"Aşka Dair Bir Klasik: Güvercin Gerdanlığı"Okuduğum bu kitap, İspanya'da yahut o zamanki bilinen adıyla Endülüs Emevi Devleti sınırları içinde bulunan Kurtuba'da (Cordaba'da) dünyaya gelen, Zâhirî mezhebinin en büyük temsilcisi, usulcü, fakih, muhaddis, tarihçi, edip ve şair olan İbn Hazm'ın birçok dile çevrilmiş olan en meşhur eseridir. Güvercin Gerdanlığı, aşkın nasıl ortaya çıktığı, nelere sebep olduğu ve nihayet ne olduğu gibi birçok farklı meseleleri ele alır. Ele aldığı bu konuları şiirlerle, çevresinde bulunan insanların yaşadıklarıyla ve kendi tecrübeleriyle hikayeleştirerek okuyucusuna aktarır Hazm. Ayrıca bu eser tarih sosyolojisi, Endülüs döneminin toplum yapısı, sosyal yaşantısı gibi konularda da eşi benzeri bulunmaz bir kaynaktır. Bu yönüyle de günümüzde hala güncelliğini "kısmen de olsa" koruyan bir eseri bizlere armağan eder Hazm.

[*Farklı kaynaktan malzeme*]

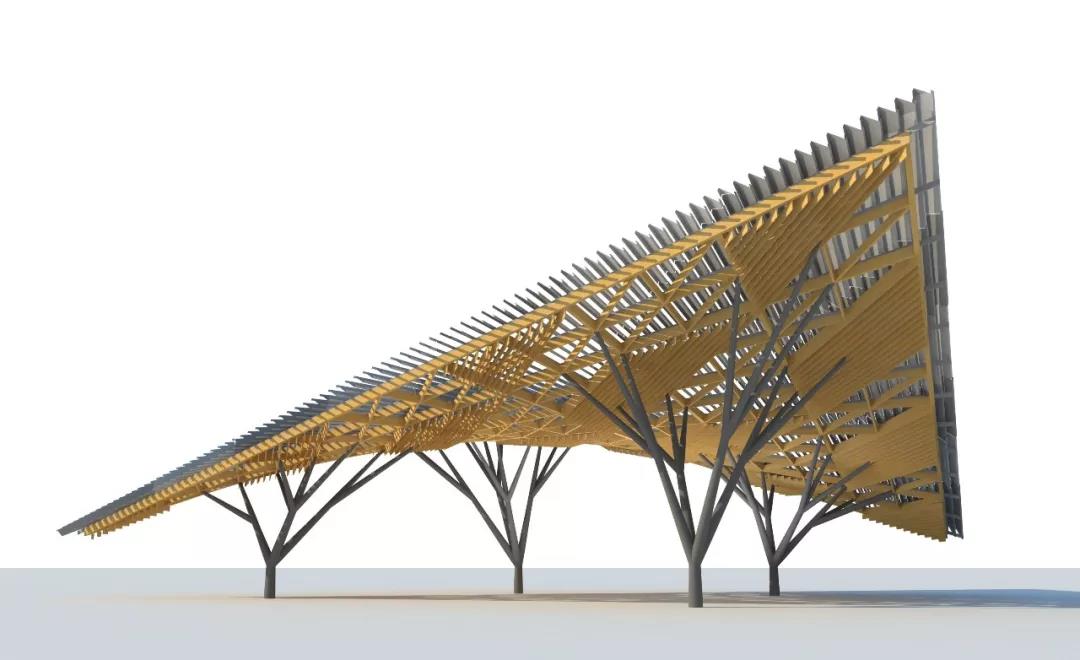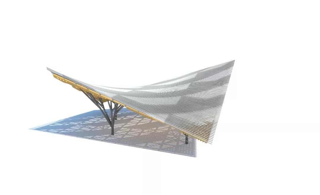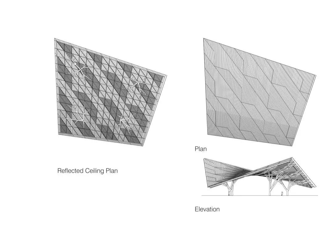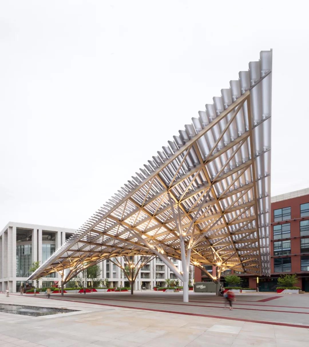 在設計上,亭頂像船帆一樣向上翹起,四邊不對稱,起角傾斜,給人以強烈的視覺沖擊力。它的幾何形狀設計得極為巧妙,從廣場的四條軸線看它,其形狀各不相同。亭頂百葉更進一步創造了精彩的視覺效果:從某些角度來看,中央景觀亭竟像是透明的一般。

Öncelikli olarak; işlenen "sevgi, aşk" gibi başat bir konu olunca, mevzunun mecrasının değişebileceğini söylememiz gerekmektedir. Hazm bu kitabı yazarken tarihler 900'lü yılların sonunu, 1000'li yılların başlarını gösteriyordu. Dönemin şartları içinde tarif edilen "sevgi ve sevgililik" tanımı takdir olunur ki farklıydı. Okurken bunu görebiliyoruz. Bugünün penceresinden bakıldığında ise "aşk, sevginin çekim alanı, aşkın önündeki engeller, sevgililer arasındaki münasebetler" gibi birçok olgunun zamanla değiştiğini ve farklı bir duygu boyutuna evrildiğini söylemek zor olamasa gerek. Dolayısıyla bugün kitabı okurken bu farkındalığı unutmamak kanımca sağlıklı bir okuma yapmamıza yardımcı olacaktır.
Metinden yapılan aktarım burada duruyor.